I know you can’t just go about it and say, “Oh, that person doesn’t have an infection.” But if there are imbalances, does that perhaps give you some clues, or you don’t really even look at that?

Dr. Evan Hirsch:

It’s confirmatory. So, it can be helpful. But once again, it’s not the cause, it’s more of a consequence. So yes, the immune system is going to be off and the levels are going to be lower or higher based off of what other infections are present. Now, the main thing that I’ll use the CBC for is going to be MCV. So, mean corpuscular volume, looking at the size of the red blood cells to determine whether you’re looking at iron deficiency, or whether you’re looking at B12 or folate deficiency.

Dr. Eric Osansky:

RDW as well if that’s usually an iron deficiency, you’ll see that higher? Or maybe you look at MCV more?

Dr. Evan Hirsch:

Yeah, I don’t really look at RDW. If I’m looking for iron, I’ll also combine the MCV with ferritin, as well as the TIBC. I think the TIBC is the most accurate marker, total iron binding capacity. And so, that’s inversely proportional to the ferritin. And so, that’s going to be elevated when the ferritin is low. Ferritin can also be an acute phase reactant, as you know. So oftentimes, if you’ve got inflammation and ferritin is 150, all bets are off.

So, I’ll combine some of those. What’s really like a two out of three, if TIBC is high, and MCV is low, and ferritin is off the charts, then I’ll still say, “Well, yeah, your iron is on the lower side of things.” And I’ll try to do it with diet first, depending on how low it is, and then I’ll use some of the herbal iron supplements like we talked about.

Dr. Eric Osansky:

All right.
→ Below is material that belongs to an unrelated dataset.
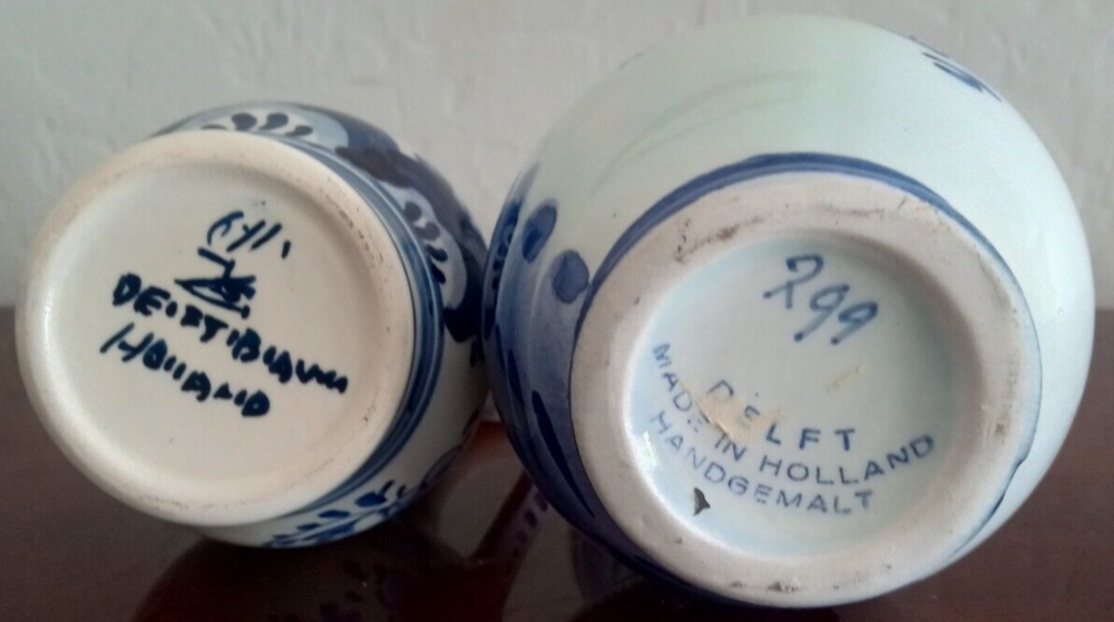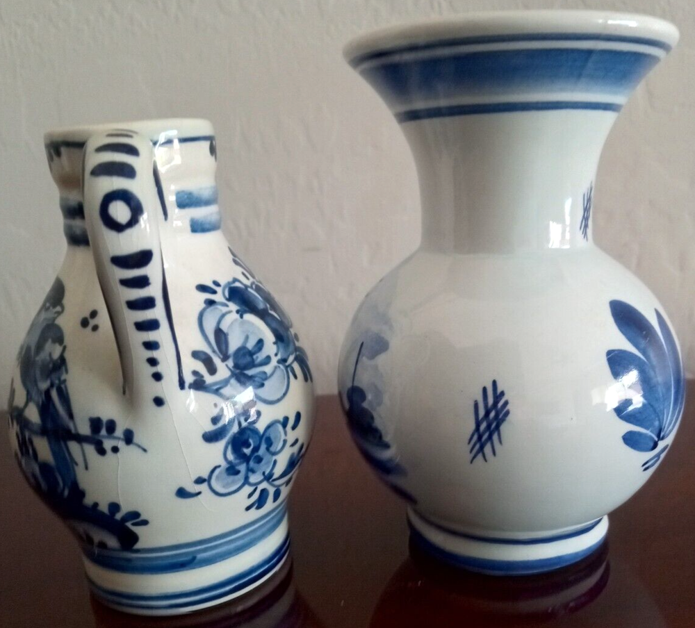 This charming miniature vase and pitcher set features a beautiful Delft-style floral pattern for the pitcher and landscape theme for the vase within a Dutch colonial theme. These pieces are hand-painted with a glossy finish and feature a stunning blue and white color scheme. The vase stands at 4.0" tall and the pitcher measures 3.75". This set is an original vintage presentation of art pottery from the Netherlands signed with a painted backstamp. They belong to the category of decorative pottery and glassware. This set is perfect for collectors of unique decorative treasures for the home.

And this will be, I think, the last question because we’re almost at 3:00. So, Benita, “Just had my gallbladder removed. How does that relate to Hashimoto’s?” So, I do have an article on this topic Benita, on my website. We’ll see what Dr. Hirsch has to say. But I do have an article on bile metabolism [4], talking about the gallbladder.

Obviously getting the gallbladder removed, sometimes it is necessary. So, it definitely might have been necessary but it doesn’t take care of the cause why the gallbladder needed to be removed. But do you want to expand on that?

Dr. Evan Hirsch:

Sure. So, what I’ve found is that upwards of 95% of all gallbladder issues are allergy related. So, the gallbladder is spasming because it’s reacting to usually a food that you’re consuming, whether it’s gluten or dairy or sugar or whatever. And so, the way that correlates is that Hashimoto’s is an autoimmune condition. Autoimmunity is also going to be exacerbated by anything that you consume that you have an allergy to, or anything that you come in contact that you have an allergy to.

So, that’s where I would say that there’s a correlation there. If you’ve got both of those things going on, gallbladder issues, you had that removed as well as Hashimoto’s, once again, it comes back to those toxicities. And there’s something that’s triggering your immune system to have allergy and autoimmunity to the gallbladder, to the thyroid, and I’m sure to other parts of the body. And so, it’s find the cause and remove it.

Dr. Eric Osansky:

All right. So Jacki just wants to say, “Thank you for this information.” Thank you, Jacki. Thank you for tuning in. And thank you, everyone, for attending, for tuning in to this call. And I appreciate Dr. Hirsch taking time out of his schedule. And don’t forget, you could download a free PDF copy of his book. Again, this is in the Facebook comments section.

And I also plan on sending an email out as well, because I know some people weren’t able to attend this live. And Tanya says, “Thank you, have a good night.” Thank you. And Benita, “Thanks so much.” And Rose says, “Thank you.” Again, thank you everyone. Just again, this probably will be the last Facebook Live this year. Yeah, I guess the New Year is two weeks away. And I usually do these on Fridays, so I definitely won’t be having one next Friday for obvious reasons, being it is Christmas Day.

So, first of all, I want to just again, thank Dr. Hirsch one more time for taking the time. I appreciate all the advice you gave. And again, make sure you visit his website, download his book, and I just want to wish everybody a happy holiday season and a Happy New Year. And I will catch you again in early 2021. Well, take care everyone. And thanks again for attending.